We have regenerated all reports in this directory in order to enhance their readability and usefulness. The major changes involved reformatting the "race interval" fields so that they are centered and have no extra blank spaces within them. We also modified the sort order so that the 2000 numbers are shown before the 1990 numbers. We also made some minor cosmetic enhancements to the column titles. Anyone using the Missouri School district csv files will find that they now include the DESE district code as well as the standard LEA code.

What and Where | Data Sources | Race Categories | Race Intervals | Population Groups | Data Columns | Sort Order | 1990 Data | Formats and Naming Conventions | Fields on CSV Files | Block level data, etc | Comparable 1990 data | Access data for entire US | Source Code | Credits


What and Where

The PL94 Basic Trend Reports are compact summary reports based on 1990 and 2000 Public Law 94-171 data. The collection created by the MCDC is at ./. We expect that most people will come to this page via the link on that one, but others may be sent directly here.

Data Sources

The data used to create these reports comes almost entirely from the Public Law 94-171 (aka "Redistricting") files as released by the U.S. Census Bureau.

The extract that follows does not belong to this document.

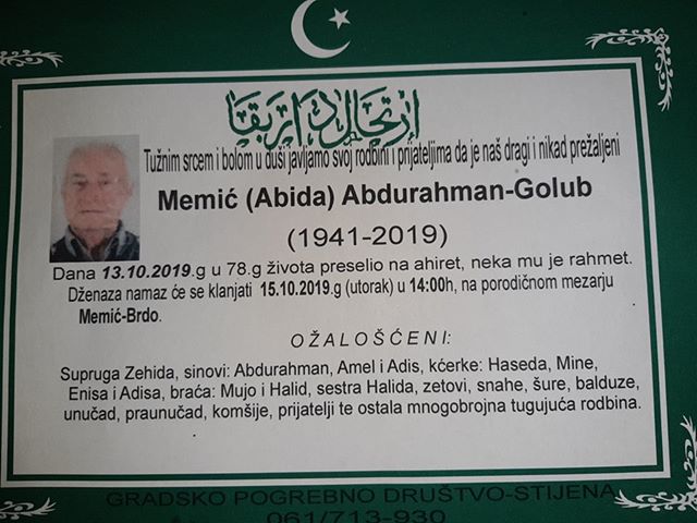 Tužnim srcem i bolom u suši javljamo rodbini, prijateljima, komšijama i poznanicima da je dana 13.10.2019. godine u 78. godini života na Ahiret preselio Memić (Ragiba) Abdurahman-Golub.

There are two editions of these files, one for 1990 and one for 2000. All data shown in these reports is identified by year and can be linked to one of the two decennial files. Some reports may only show data for a single year - usually when only one year is available. But the intent of the reports (as suggested by their name) is to provide data from the two censuses.

The one exception to the statement that all data comes from pl94 files is with the national level data for 1990. We did not have a complete collection of pl94 files for the U.S. So we used data from 1990 Summary Tape File 1C to generate the 1990 numbers for the U.S. level reports.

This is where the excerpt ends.